The house has also seen it as its task to open the doors to large-format international exhibitions. 1 In the 1930s, Huset was probably the only exhibition venue that was able to properly show major representative exhibitions of contemporary art. At the same time as these glimpses into world art, Kunstnernes Hus has on certain occasions been the scene of the event when a Norwegian artist breaks through for the first time with works of art that make us see in a new way, works of art that we believe will stand for judgment of the centuries.
This judgment of the future is of course difficult to predict, just as we cannot create a valid stamp of quality at all times. With the human urge for absolutes, we sometimes find the eternal truths, also in the visual arts. For one's own part and one's own art, it can probably be a strength with the fervor of conviction to advocate certain artistic principles. In the service of art communication, such a view that only sees quality within its own circles will be impossible. The house's task must be to direct the light towards several circles, in the recognition that in art there are many truths and new ones are constantly being born, which is precisely the art life of our century is an example of. Quality is often the stamp of recognition. It may turn out to be the quality of the moment, and will be a bad guideline for an artist-led dissemination institution.
Kunstnernes Hus should not only be an open house for already recognized art. You have to actively go out to the unstamped, unestablished art, what is under way, and inspire to exhibit here. If we also manage to bring in international art - something that offers a big financial boost -, we will achieve what we want: a living art centre.
We also see that new forms of exhibition are becoming necessary. The most important thing that has taken place in Norway's art life in recent times is perhaps not the art that can be hung on the walls and that is usually displayed in the exhibition halls, but the new signals from public culture. front, an expected cultural upgrade also in the visual arts area within artist education, visual arts in the districts and increased use of art to decorate public buildings and environments. Here, too, Huset finds it important to be involved, with new exhibition forms to shed light on the new tasks of the visual arts.

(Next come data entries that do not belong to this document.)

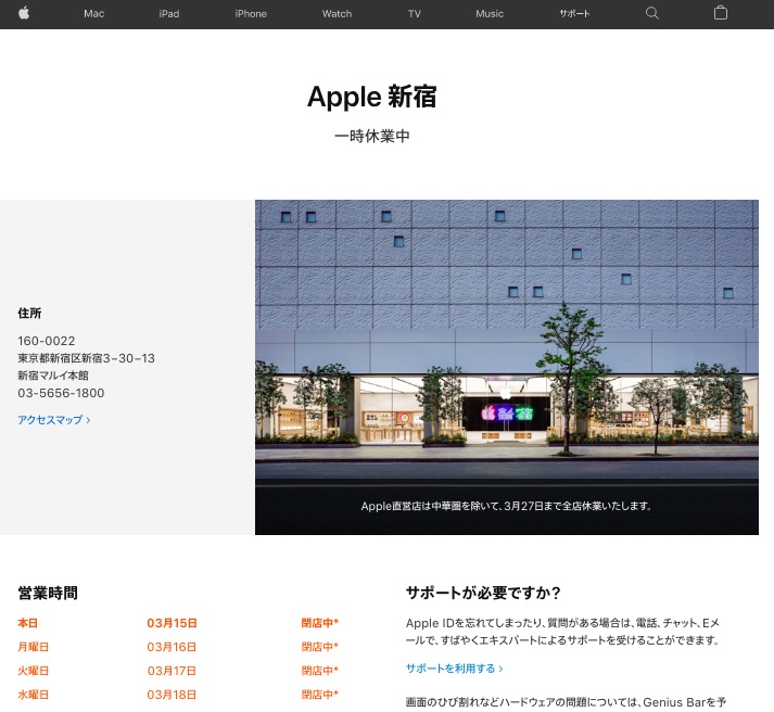 また同社では中華圏(中国)以外の直営店「Apple Store」を3月27日(金)まで休業するとし、日本では3月15日(日)から一時休業しており、同社ではオンラインストア(公式Webサイト「Apple.com」や専用アプリ「Apple Store」)を利用し、サービス&サポートについては公式Webサイトを確認するよう案内しています。
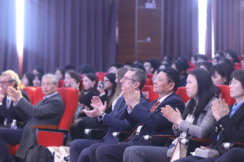 法国友校校长CARTON先生发表了致辞,他希望中法师生能够为加深两国之间的相互理解而不懈努力,未来希望双方在文化、语言、艺术等层面能加深交流。随同的中文老师,用极其幽默诙谐的语言,为大家传达了法方校长的想法。
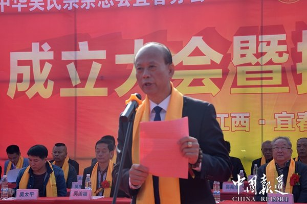 長期以來,宜春吳氏宗親積極融入中華吳氏宗親的大家庭,在文化交流、經(jīng)濟(jì)合作、親情互動(dòng)方面做了很多工作,得到了中華吳氏宗親的認(rèn)同。喜逢黨的十九大勝利召開,今天,中華吳氏宗親總會宜春分會成立了,這是中華吳氏的一大盛事!我們有理由相信:華吳宜春分會必將在 吳波 會長的帶領(lǐng)下,為弘揚(yáng)泰伯文化,加強(qiáng)吳族的團(tuán)結(jié)協(xié)作,推動(dòng)與海內(nèi)外吳氏的交流與合作作出新的更大的貢獻(xiàn)!我們有理由相信:華吳宜春分會必將在研究發(fā)掘姬吳文化,團(tuán)結(jié)海內(nèi)外宗親,敦睦宗誼宗情等方面作出自己的努力!“雄關(guān)漫道真如鐵,而今天邁步從頭越。”希望成立后的華吳宜春分會,能以博大的胸懷、堅(jiān)定的信心、務(wù)實(shí)的態(tài)度、前瞻的眼光,圍繞辦會宗旨,切實(shí)履行職能,加強(qiáng)合作交流,服務(wù)吳氏宗親。讓我們站在新的歷史起點(diǎn),乘勢而上,奮發(fā)有為,最大限度地凝聚宗親力量,服務(wù)地方經(jīng)濟(jì)的跨越發(fā)展,共同譜寫吳文化事業(yè)的新篇章。
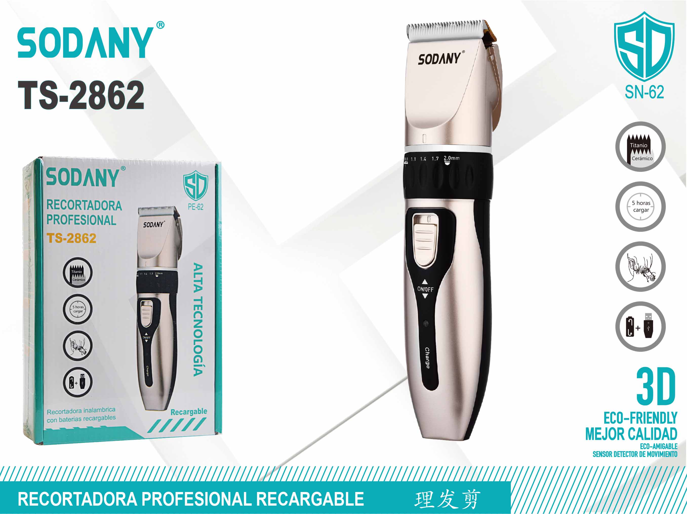 La recortadora profesional recargable SODANY TS-2862 combina tecnología avanzada y un diseño ergonómico para ofrecer una experiencia de corte precisa y eficiente. Con su batería recargable de larga duración y sus cuchillas de alta calidad, esta recortadora es ideal tanto para uso profesional como doméstico. Su diseño sofisticado y funcionalidades ajustables permiten conseguir el estilo deseado de manera fácil y rápida.
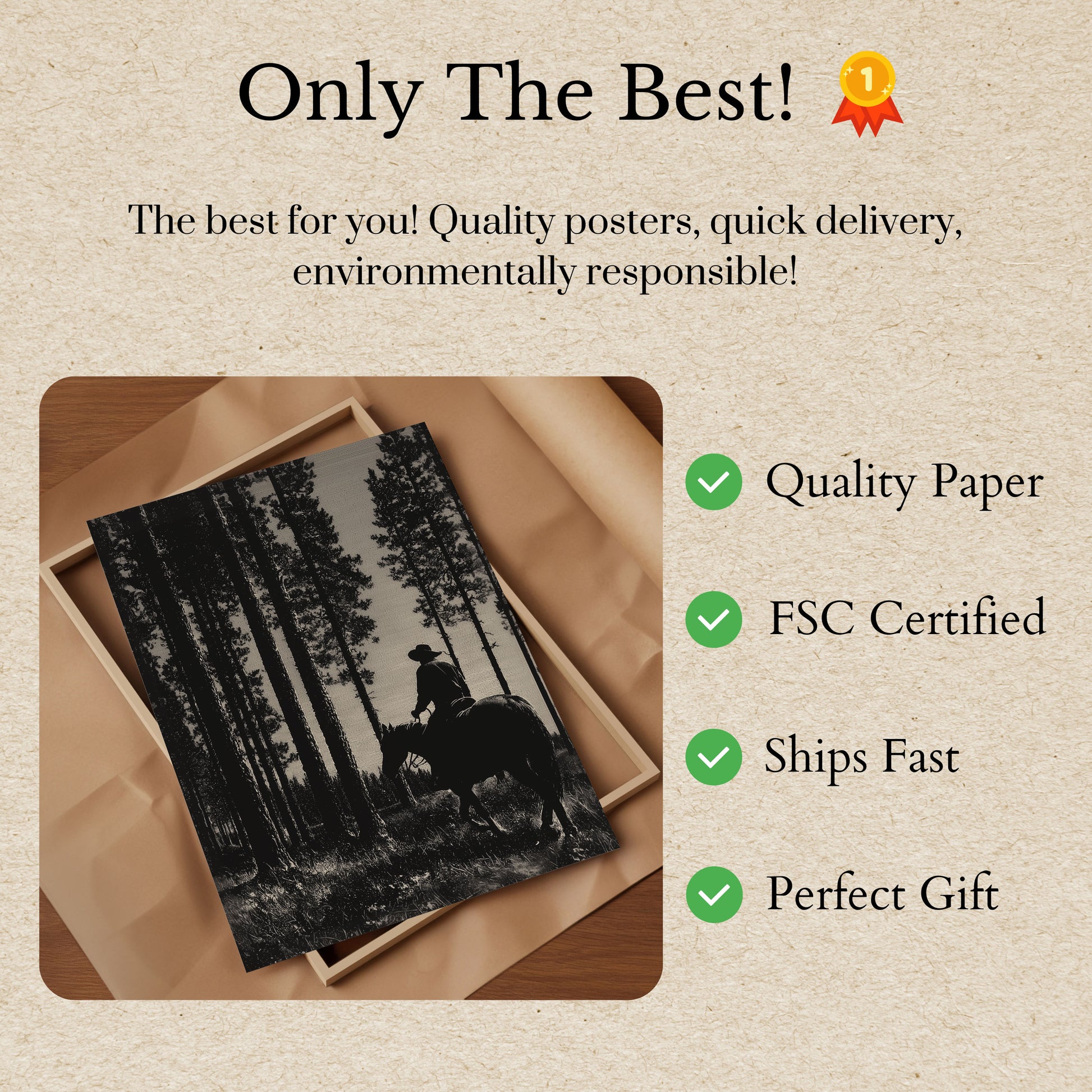 A striking black and white image captures a solitary rider on horseback navigating through a dense pine forest. The silhouetted figure in a wide-brimmed hat creates a sense of quiet mystery and wilderness adventure, with tall evergreen trees framing a soft, textured background. This atmospheric artwork evokes the timeless spirit of exploration and the tranquil beauty of untouched landscapes.
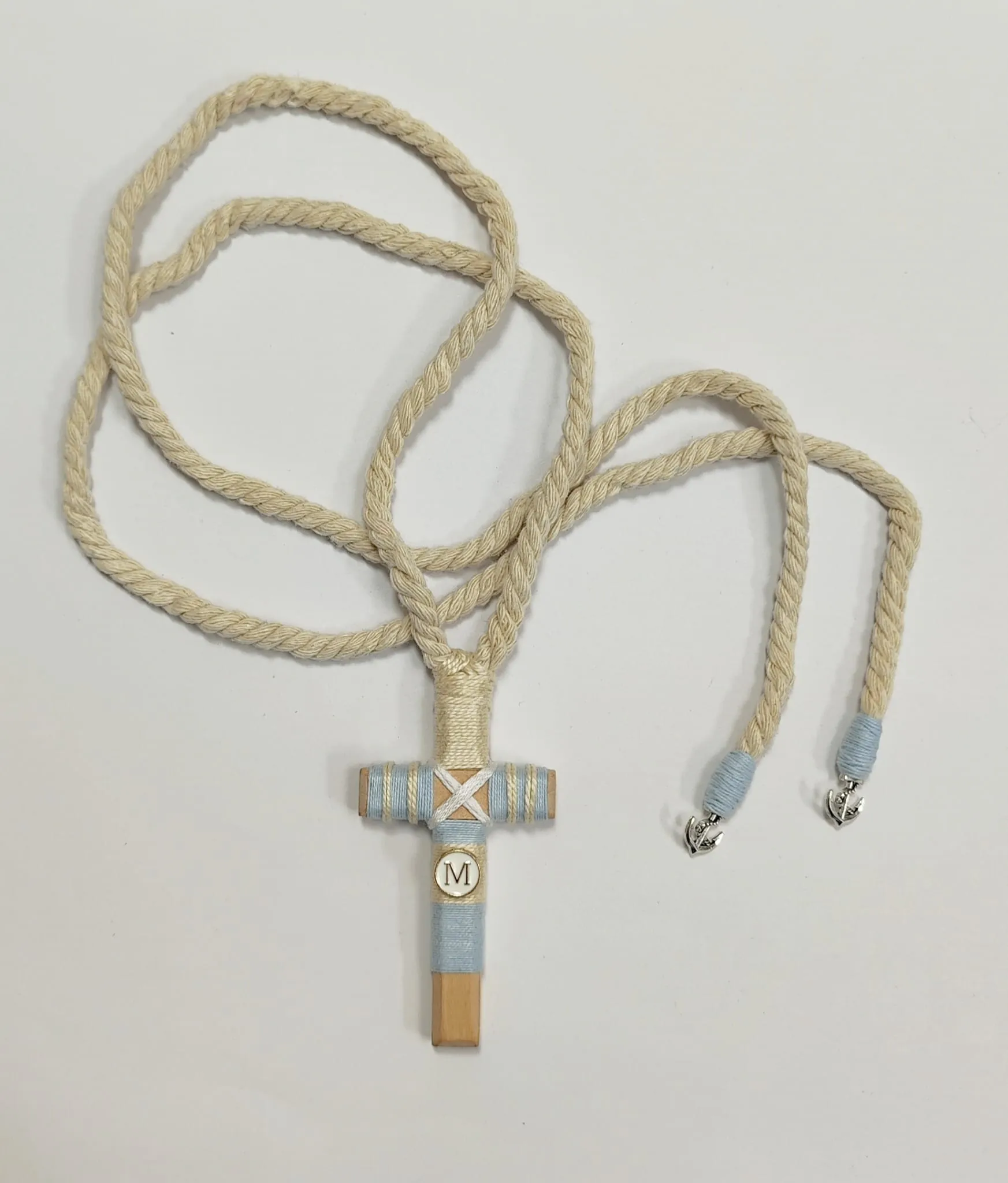 Cruz de Comunión para Niño Azul Celeste y Beige
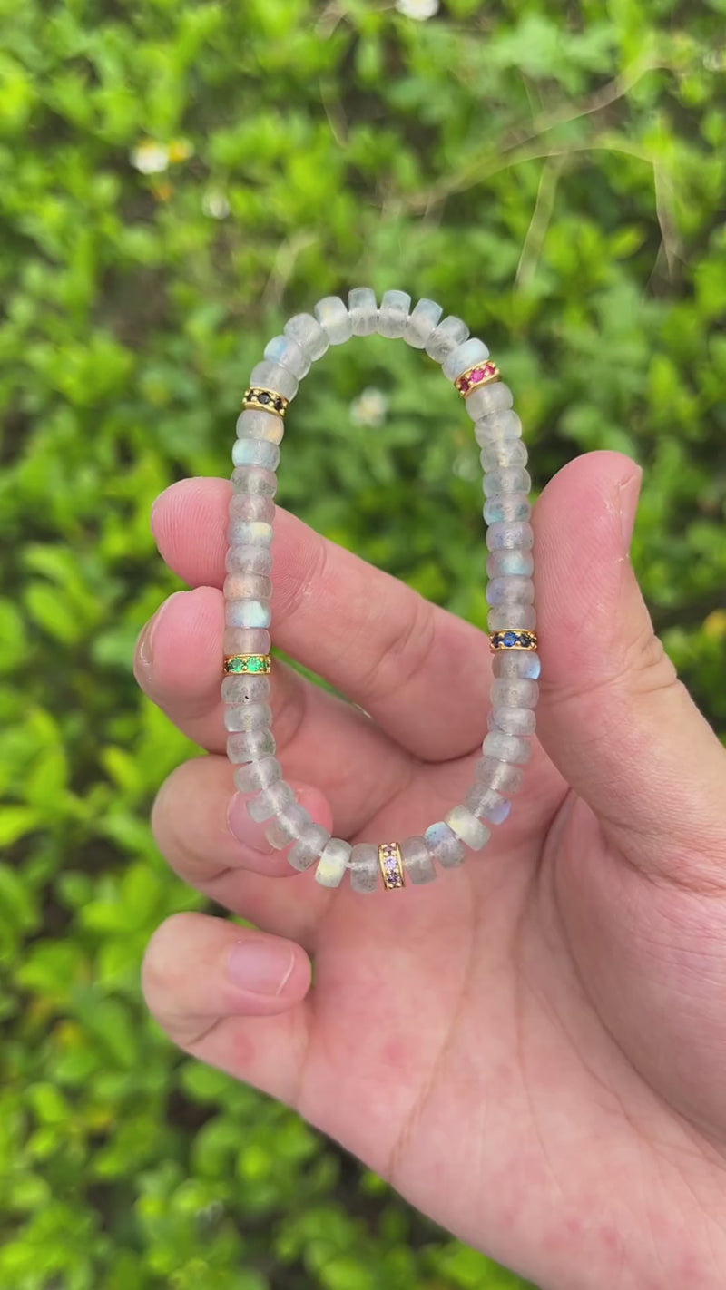 Each 6mm bead is precision-cut and hand-polished to perfection, with subtle flashes of blue and silver light (adularescence) that shimmer as you move. The bracelet is accented with fine silver-toned inlays, designed for harmony and balance, evoking a sense of calm protection that accompanies you through daily life.
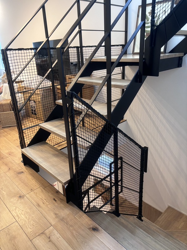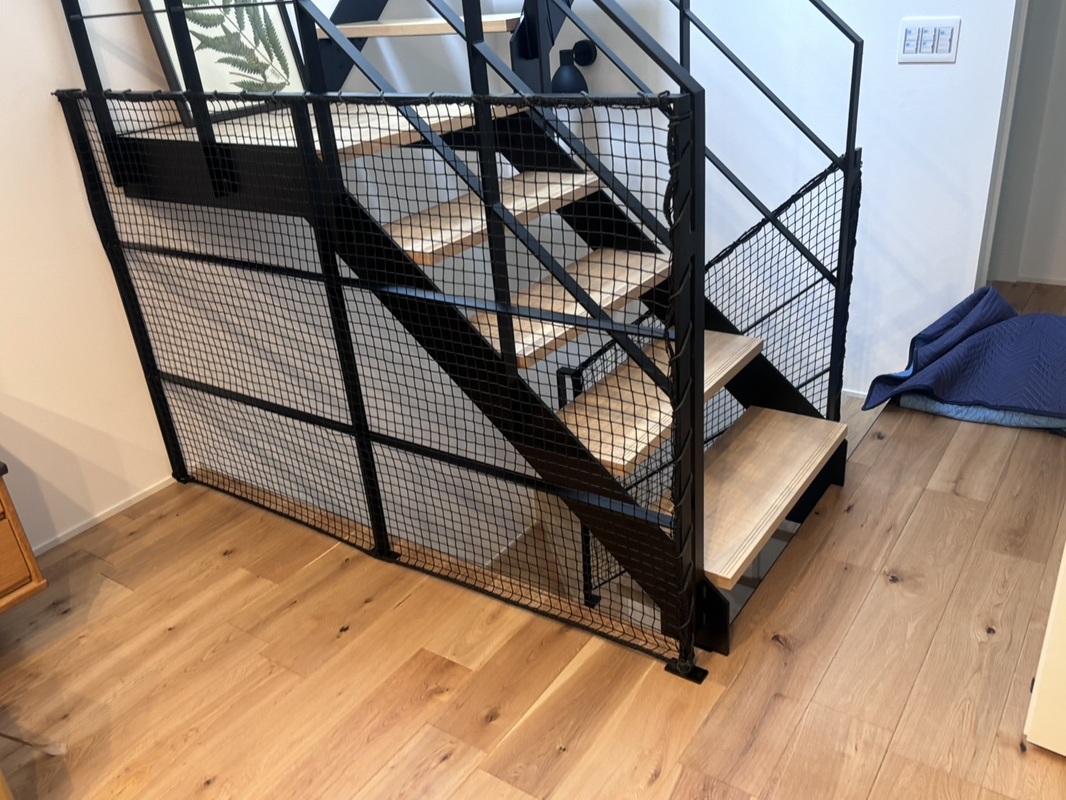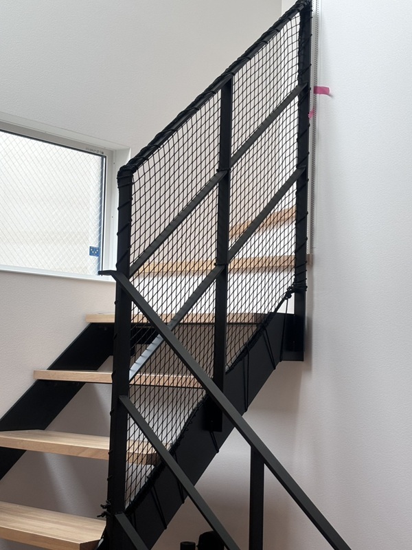 お子様落下防止や手摺りの隙間から物が落ちるのを防止する為ネット設置。
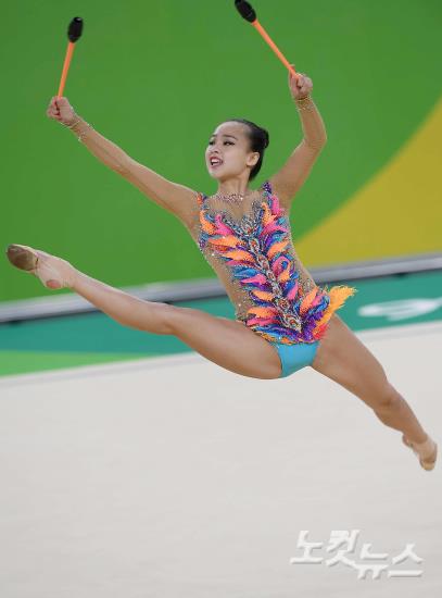 20일(현지시간) 리우데자네이루 바하 올림픽파크 체조경기장에서 열린 2016 리우올림픽 리듬체조 개인종합 결선에서 손연재가 연기를 펼치고 있다.
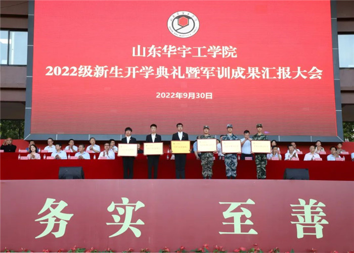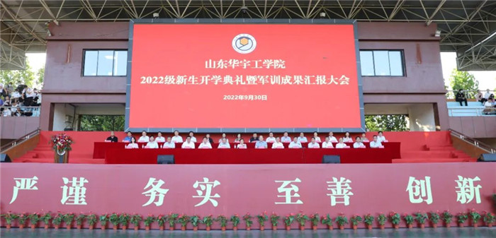 9月30日下午,我校2022级新生开学典礼暨军训成果汇报大会在学校体育场举行。学校党委书记张洪英,执行校长梁玉国,副校长夏传波、王春光、刘润华,校长助理魏东坡、侯建昌出席大会,各部门(单位)主要负责人、2022级全体新生参加大会。大会由党委副书记、副校长高挺进主持。
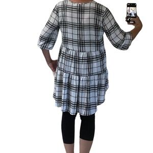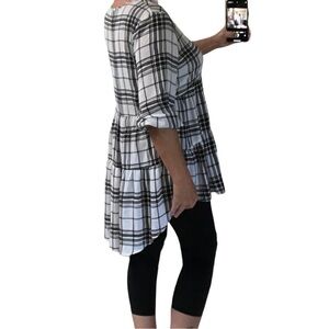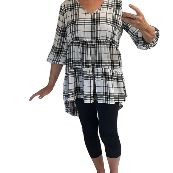 Cascading ruffle flowing around the back hem line, black and white super lightweight flows with your every movement. Style and chic design. Summer wear any day. Sheer light
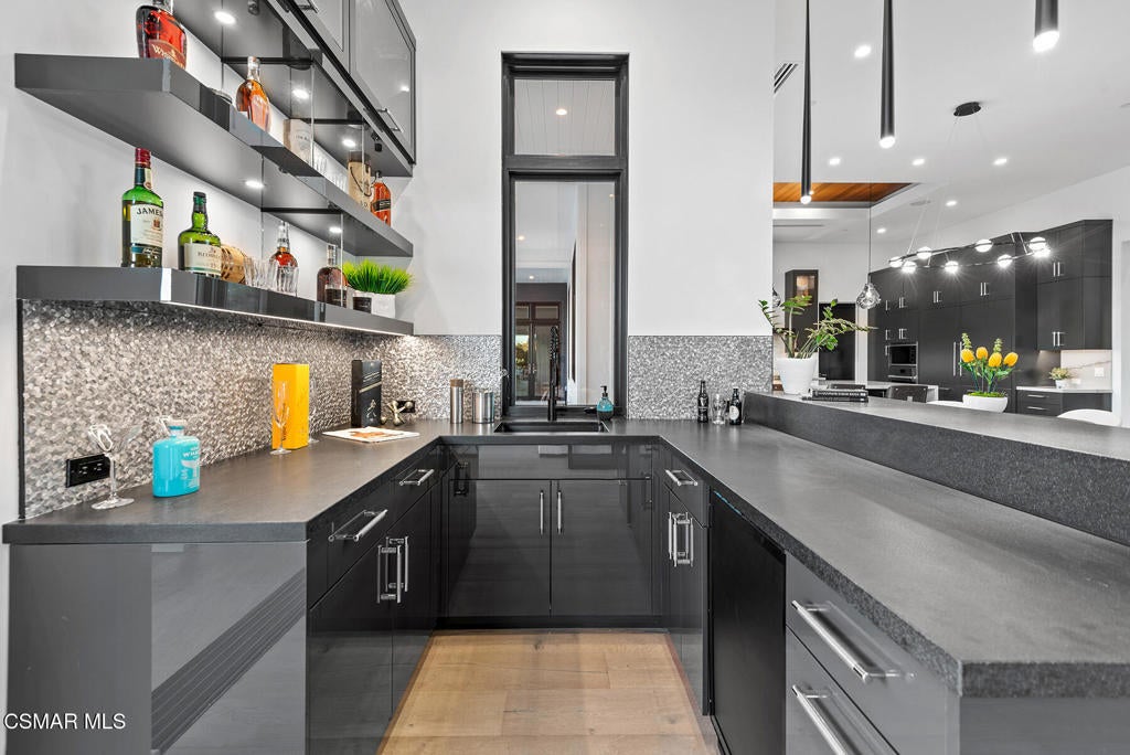 The absolute premier newly built North Ranch estate. An awe inspiring contemporary farmhouse with an ideal cul-de-sac location in upper North Ranch! Privately gated trophy custom on over two acres with stunning mountain views! No expense was spared to create this true masterpiece! Livable as mostly one level, this amazing open concept floor plan spans over 7000 square feet. Features include a grand 'great room' with 10 foot multi-slide Fleetwood glass doors, floor to ceiling stone fireplace and a beautifully designed soaring ceiling with wood accents. There is also a separate theater/bonus room (6th bedroom), two sided glass wine cellar, walk in wet bar and so much more! Up the floating stairs you will find an additional family room and two large secondary en-suite bedrooms, one of which serves as a second primary suite option. Perfect for guest quarters! The home is elevator ready if desired. The main level primary suite is extraordinary. There are two large walk in closets, tremendous fireplace, sitting room and a Four Seasons quality bathroom with steam shower and soaker tub. The resort quality grounds are second to none. There is a 90 foot infinity pool enhanced by fire & water features. There is also 1300 square feet of covered outdoor living, barbecue center and massive manicured lawns. Other amenities include a smart home and solar systems, FIVE car garage, Sonos sound, security cameras, large glass pivot front door and so much more. A very exciting estate to hit North Ranch.
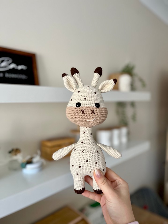 Yumuşak beyaz örgü zürafa peluş oyuncak, kahverengi detaylarla sevimli ve sarılabilir tasarım
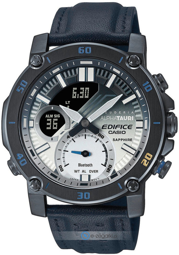 Zegarek męski ECB-20AT-2AER Scuderia Alpha Tauri marki Casio to idealne połączenie funkcjonalności oraz modnego wzornictwa. Model ten jest z kolekcji Casio Edifice. Godzina prezentowana jest w sposób analogowo - cyfrowy co bez trudu pozwala ją odczytać. Koperta jest w kolorze czarnym szeroka jest na 46 mm oraz ma grubość 12.5 mm - w kształcie okrągłym.

We want to avoid jubilee shaming, but it should be mentioned that during the initial preparations for the commemoration of the jubilee, doubts have repeatedly been raised about the legitimacy of such an event. In recent years, Kunstnernes Hus's finances have been so tight that a lavish anniversary celebration would come to stand in stark contrast to the possibilities the institution has to carry out meaningful art dissemination. When we have nevertheless taken the decision to carry out the large and expensive event in this way, it is both to mark that for half a century the Artists' House has been an indispensable institution in our artistic life and to emphasize the necessity that the Artists' House as the most important part of the artist-led dissemination is given opportunities to follow up in the future.
In the end, all financial concerns notwithstanding, we believe that a grand anniversary is necessary. Then the preface's title, which might have been perceived as a joke, nevertheless takes on a serious meaning: Jubilare necesse est, ...!
The exhibition, which is based on works of art previously exhibited in the House, has been made possible after friendly hospitality with loans from a number of public and private collections in Norway and abroad, and with financial support from the Norwegian Culture Council, from foreign embassies and cultural institutions.
The management thanks them, and all those who have otherwise contributed to realizing the event.